- ABOUT THIS TASK
The whole listing needs retyping exactly; keep the pictures out of it.

- STORED DATA
BEGIN
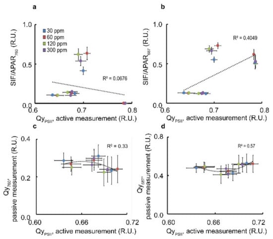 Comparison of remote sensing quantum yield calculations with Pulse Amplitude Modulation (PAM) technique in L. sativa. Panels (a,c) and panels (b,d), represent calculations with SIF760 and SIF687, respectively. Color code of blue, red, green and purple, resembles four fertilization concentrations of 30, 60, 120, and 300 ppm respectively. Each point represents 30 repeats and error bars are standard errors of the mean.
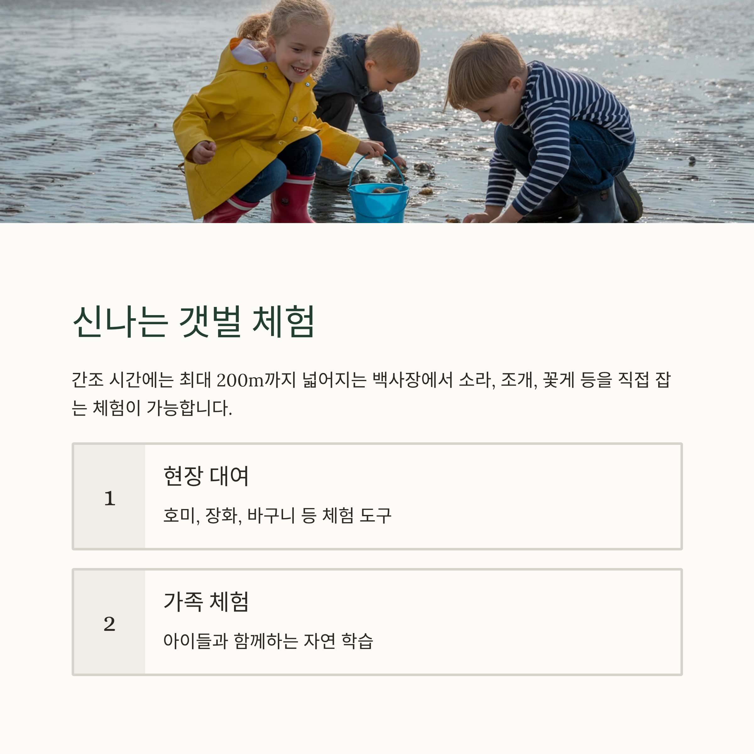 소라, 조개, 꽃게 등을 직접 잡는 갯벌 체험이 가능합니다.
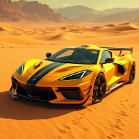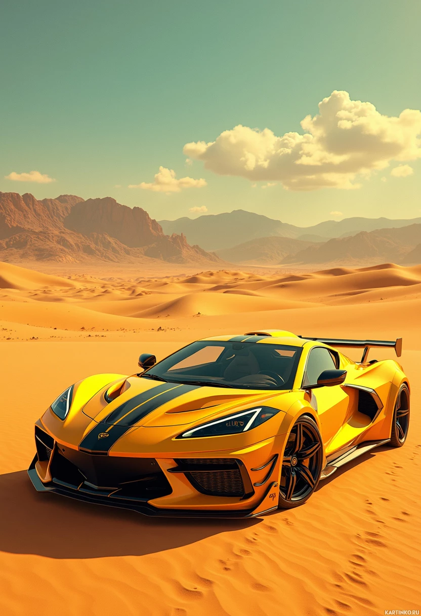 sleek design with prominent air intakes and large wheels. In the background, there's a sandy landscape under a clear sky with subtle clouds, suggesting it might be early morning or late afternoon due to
END
- YOUR SOLUTION
 Comparison of remote sensing quantum yield calculations with Pulse Amplitude Modulation (PAM) technique in L. sativa. Panels (a,c) and panels (b,d), represent calculations with SIF760 and SIF687, respectively. Color code of blue, red, green and purple, resembles four fertilization concentrations of 30, 60, 120, and 300 ppm respectively. Each point represents 30 repeats and error bars are standard errors of the mean.
 소라, 조개, 꽃게 등을 직접 잡는 갯벌 체험이 가능합니다.
 sleek design with prominent air intakes and large wheels. In the background, there's a sandy landscape under a clear sky with subtle clouds, suggesting it might be early morning or late afternoon due to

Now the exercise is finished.